< Psalmen 41 >
1 Een psalm van David, voor den opperzangmeester. Welgelukzalig is hij, die zich verstandiglijk gedraagt jegens een ellendige; de HEERE zal hem bevrijden ten dage des kwaads.
Til Sangmesteren; en Psalme af David.
2 De HEERE zal hem bewaren, en zal hem bij het leven behouden; hij zal op aarde gelukzalig gemaakt worden. Geef hem ook niet over in zijner vijanden begeerte.
Salig den, som handler forstandigt imod den ringe; Herren skal redde ham paa den onde Dag.
3 De HEERE zal hem ondersteunen op het ziekbed; in zijn krankheid verandert Gij zijn ganse leger.
Herren skal bevare ham og holde ham ved Live, han skal blive lyksalig paa Jorden; og du skal ikke give ham hen i hans Fjenders Villie.
4 Ik zeide: O HEERE! wees mij genadig; genees mijn ziel, want ik heb tegen U gezondigd.
Herren skal opholde ham paa Sygesengen; du har hjulpet ham op igen fra hvert Sygeleje.
5 Mijn vijanden spreken kwaad van mij, zeggende: Wanneer zal hij sterven, en zijn naam vergaan?
Jeg sagde: Herre! vær mig naadig, helbred min Sjæl; thi jeg har syndet imod dig.

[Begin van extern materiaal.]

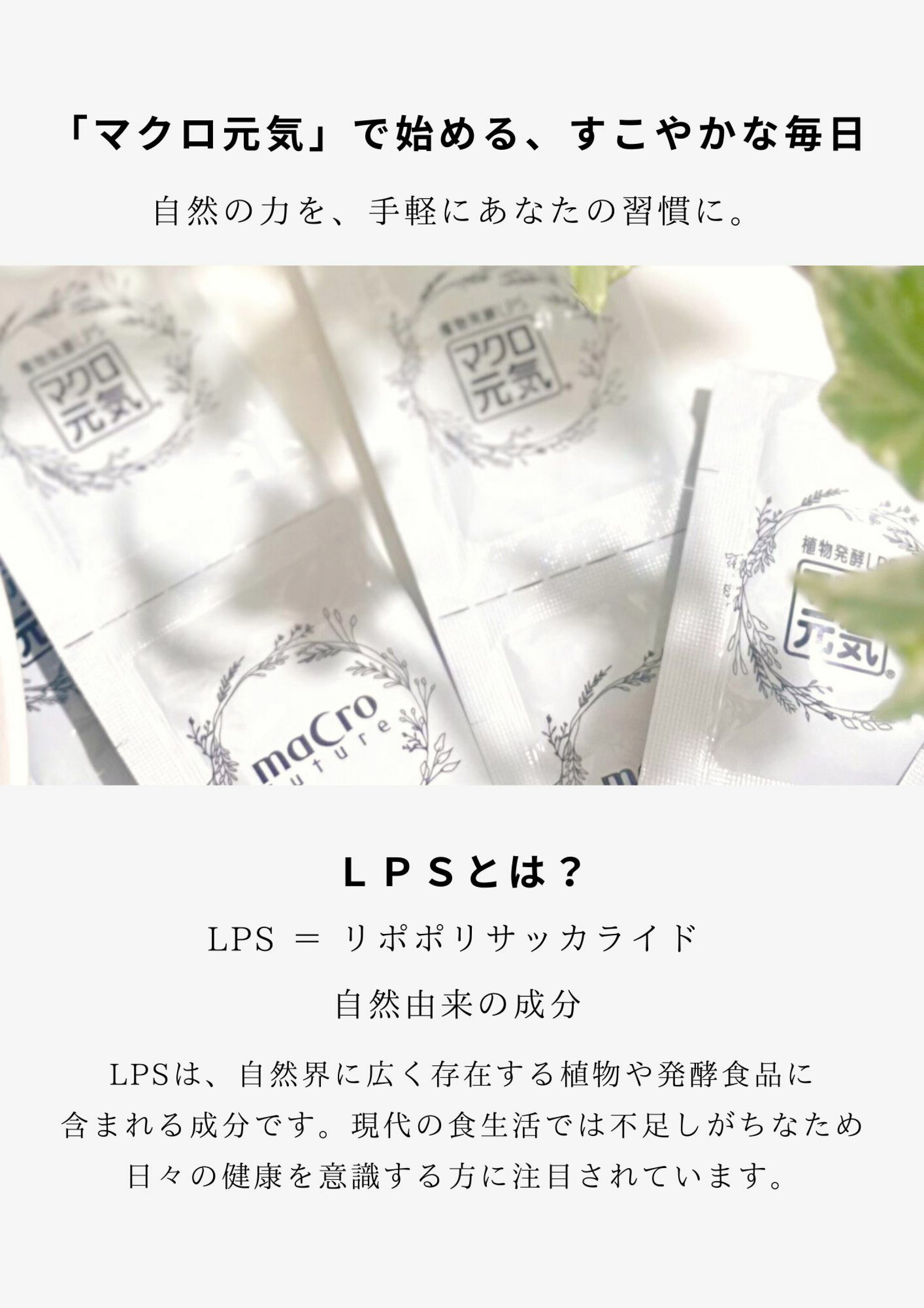 特許成分の自然由来で【安心・安全】な健康・美容成分 植物発酵LPS【リポポリサッカライド(通称:エルピーエス) ■自然免疫応用技研(株)純正素材 高濃度配合サプリメントのマクロ元気シリーズです。 食べる健康・美容サプリ!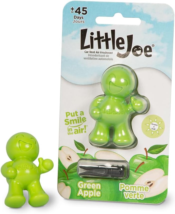 Little Joe 96416-6PK Green Apple Scent Car Air Freshener Vent Clip, Fights Odors for up to 45 Days, Long-Lasting Freshness, Cute Car Odor Eliminator, Pack of 6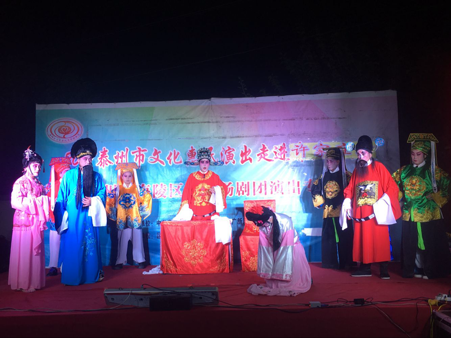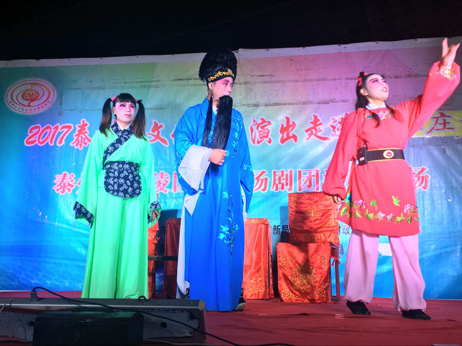 2017泰州市文化惠民演出走进姜堰区华港镇许家庄村,海陵区小鹰扬剧团专场演出,2017年10月6日晚上在姜堰区华港镇许家庄村百姓大舞台成功举办。本场演出剧目为大型古装扬剧《分裙记》上下集,此剧剧情跌宕起伏,曲折动人,最终坏人得到了应有的下场,演员们精彩的表演唱博得了观众的阵阵掌声。演出很成功!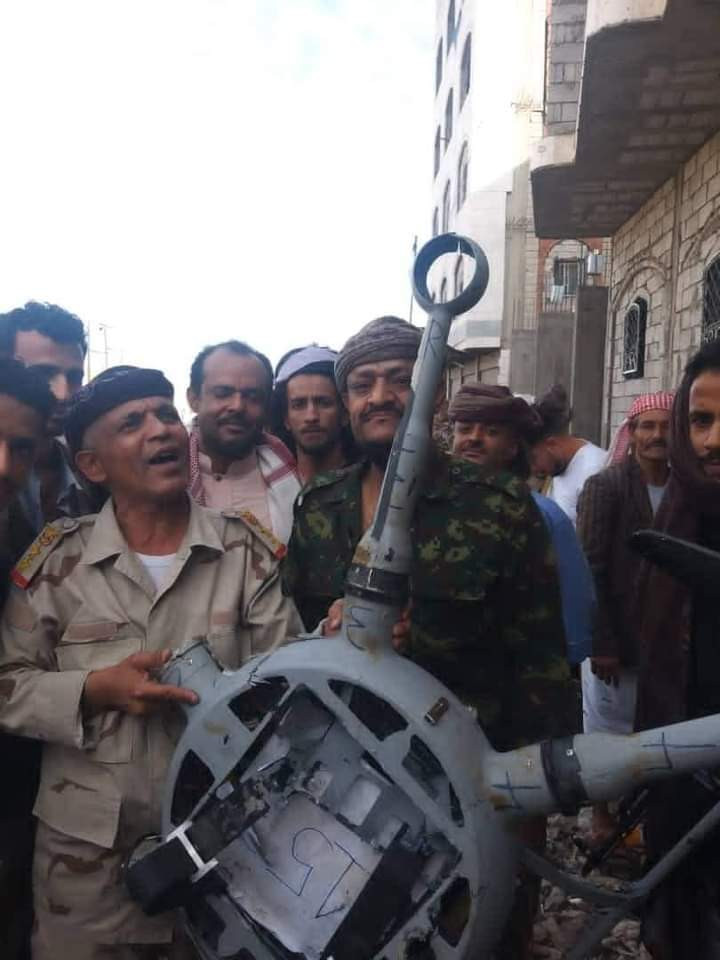 وعقب اسقاطها قام عدد من مواطنين تعز بالتقاط الصور والتجوال بالشوارع معها.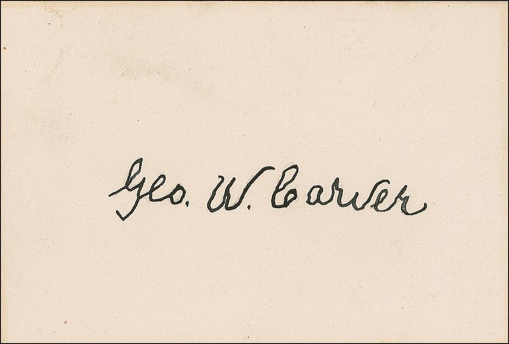 Vintage fountain pen signature, “Geo. W. Carver,” on a white 3.5 x 2.25 card. In fine condition, with light edge toning and scattered faint soiling. Pre-certified PSA/DNA and RRAuction COA.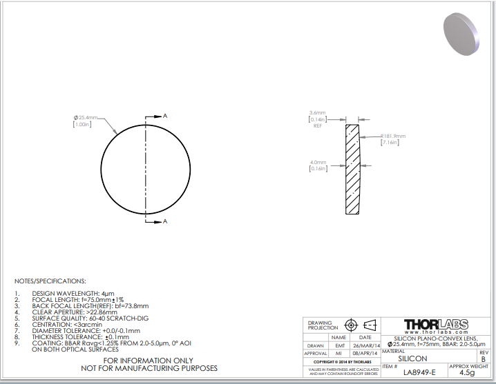 Thorlabs索雷博 LA8949-E 平凸透镜
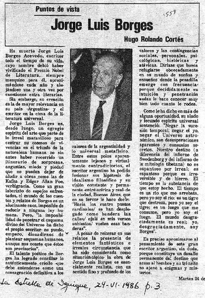 Borges, ese hombre de papel [artículo] Hugo Rolando Cortés.
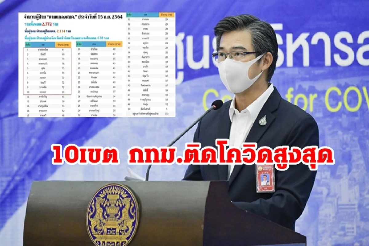 ศบค. เผย กทม.ยอดลด แต่ยังอันดับ 1 เปิด10เขตติดโควิดสูงสุด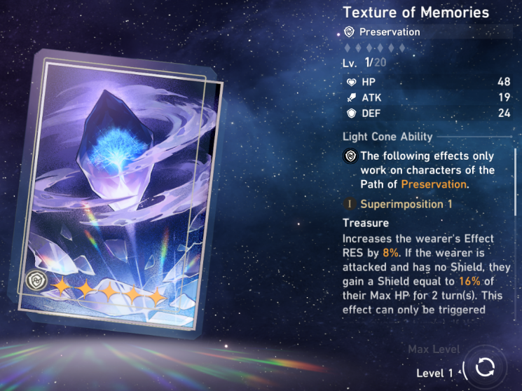 Preservation Trailblazer: For Preservation Light Cones, players can choose between 5-star ‘Texture of Memories’ or 4-star ‘We Are Wildfire’. Texture of Memories can be bought from Herta’s Store and works well with Trailblazer’s Taunt Skill, increasing their tankiness when taking hard hitting abilities. Being a 5-star, Texture of Memories also provides higher Defense stats, contributing to Trailblazer’s team shielding value.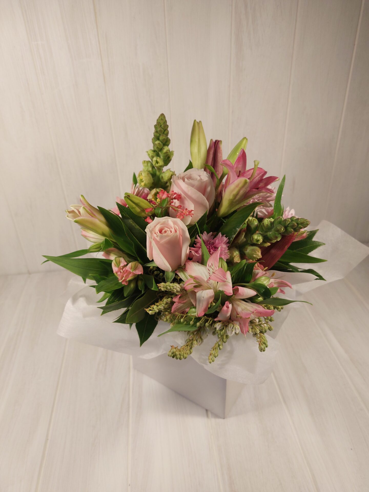 So sweet this one. Pretty pink roses feature in this compact boxed design. Perfect for a bedside table, not too big and low in fragrance. In floral foam for easy care.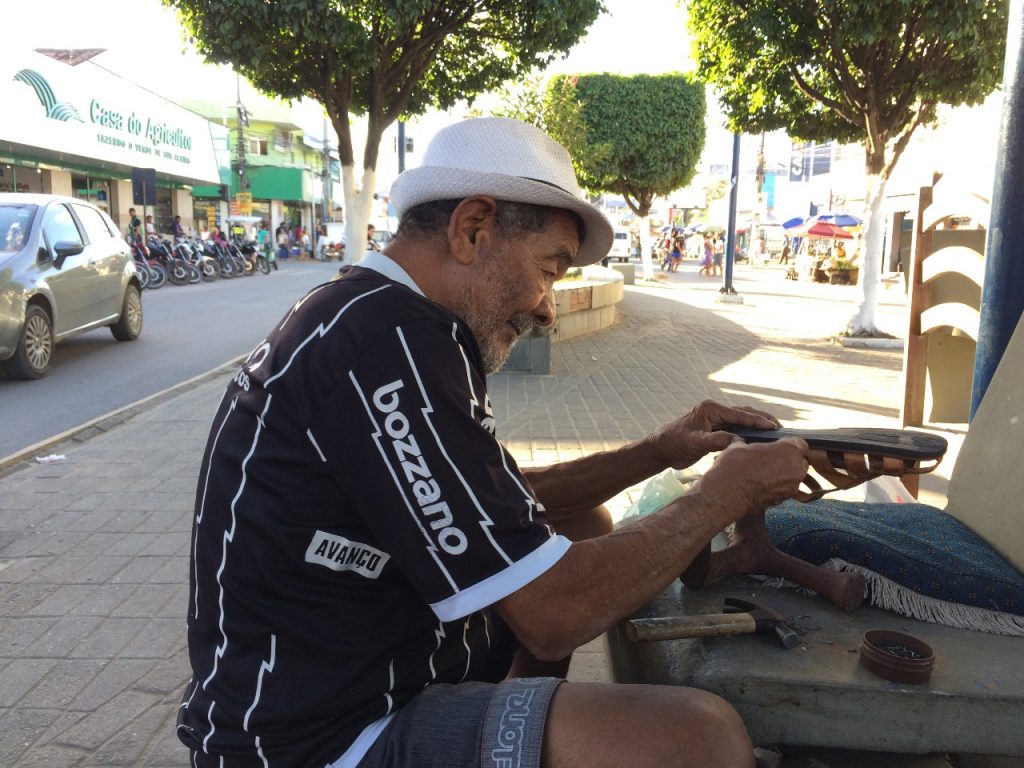 Na sua arte e no seu ofício o nosso amigo Babai continua forme e forte. Por ocasião de um reparo numa sandália de couro, na tarde de ontem (19), utilizei-me dos seus serviços. Atencioso como sempre Babai é uma espécie de cartão postal da nossa Avenida Mariana Amália.
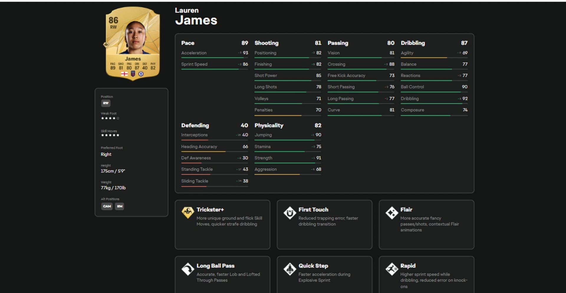 James’ agility and speed (89 pace) make her an exciting winger to have in EA FC 25. With increased dribbling (+2), she can easily take on defenders, while her upgraded shooting (+3) makes her a potent goal threat from the right wing.

6 En zo iemand van hen komt, om mij te zien, hij spreekt valsheid; zijn hart vergadert zich onrecht; gaat hij uit naar buiten, hij spreekt er van.
Mine Fjender tale ondt om mig: Naar skal han dog dø og hans Navn forgaa?
7 Al mijn haters mompelen te zamen tegen mij; ze bedenken tegen mij, hetgeen mij kwaad is, zeggende:
Og dersom een kommer at se mig, taler han Falskhed, hans Hjerte samler paa Uret; gaar han ud udenfor, da taler han derom.
8 Een Belialsstuk kleeft hem aan; en hij, die nederligt, zal niet weder opstaan.
Alle mine Avindsmænd hviske sammen imod mig; de optænke imod mig det, som er mig ondt.
9 Zelfs de man mijns vredes, op welken ik vertrouwde, die mijn brood at, heeft de verzenen tegen mij grotelijks verheven.
De sige: Der hænger en Niddingsdaad fast ved ham, og saasom han ligger, skal han ikke staa op mere.
10 Maar Gij, o HEERE! wees mij genadig, en richt mij op; en ik zal het hun vergelden.
Ogsaa den Mand, som havde Fred med mig, hvem jeg forlod mig paa, som aad mit Brød, han opløftede sin Hæl imod mig.
11 Hierbij weet ik, dat Gij lust aan mij hebt, dat mijn vijand over mij niet zal juichen.
Men du, Herre! vær mig naadig og rejs mig op, saa vil jeg betale dem.
12 Want mij aangaande, Gij onderhoudt mij in mijn oprechtigheid, en Gij stelt mij voor Uw aangezicht in eeuwigheid.
Derpaa kender jeg, at du har Behagelighed til mig, at min Fjende ikke skal faa Glæde over mig.
13 Geloofd zij de HEERE, de God Israels, van eeuwigheid en tot in eeuwigheid! Amen, ja, amen.
Men mig opholder du og sætter mig for dit Ansigt evindelig i min Oprigtighed. Lovet være Herren, Israels Gud, fra Evighed og indtil Evighed! Amen, ja, Amen.